Joakim Kevin Lagergren (born 15 November 1991) is a Swedish professional golfer who currently plays on the European Tour having previously played on the Challenge Tour .

Professional career
Lagergren turned professional in 2010 and initially played his golf on the Nordic mini-tours picking up his first win at the 2010 Landskrona Masters on the Nordic Golf League.

He earned his playing rights on the 2011 Challenge Tour at qualifying school and played 13 events before returning to qualifying school at the end of 2011 where he earned his playing rights for the European Tour in 2012. During this season on the Challenge Tour, Lagergren continued to play in the Nordic League winning the 2011 ECCO Spanish Open.

During his first season on the European Tour, Lagergren played in 17 events finishing 140th in the Race to Dubai narrowly missing out on automatically retaining his tour card for 2013, however a second consecutive strong performance at qualifying school meant that he did regain his playing rights on the European Tour for 2013.

During 2013, Lagergren had an unsuccessful season on the European Tour and lost his playing rights at the end of the season, returning to the Challenge Tour for the 2014 season.
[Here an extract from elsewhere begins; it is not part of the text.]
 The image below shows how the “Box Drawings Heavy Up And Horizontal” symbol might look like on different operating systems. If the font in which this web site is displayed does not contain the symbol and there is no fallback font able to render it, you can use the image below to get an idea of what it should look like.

However the season was not entirely unsuccessful as Lagergren gained his third win in the Nordic League by winning the 2013 Isaberg Open and at the Marbella Club Golf Resort on the Gecko Pro Tour.
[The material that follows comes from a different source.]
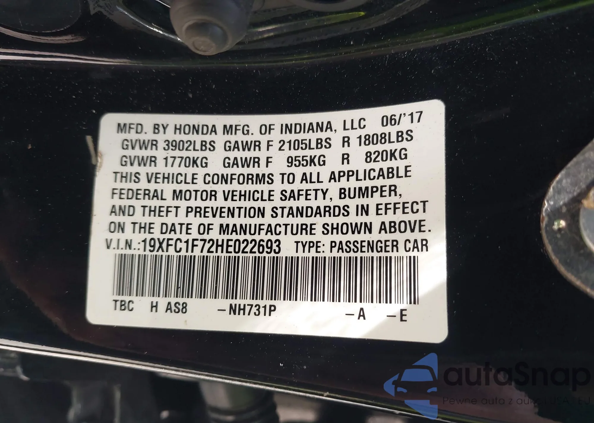• VIN 19XFC1F72HE022693

In 2014, Lagergren got his first win on the Challenge Tour at the Northern Ireland Open Challenge.
Lagergren lost a three-way playoff at the 2017 Commercial Bank Qatar Masters, before clinching his maiden European Tour title at the 2018 Rocco Forte Sicilian Open. Lagergren shot his first albatross on Tour at the 2018 Turkish Airlines Open as he holed his five wood second shot with 238 yards left to the pin on the par five hole 12.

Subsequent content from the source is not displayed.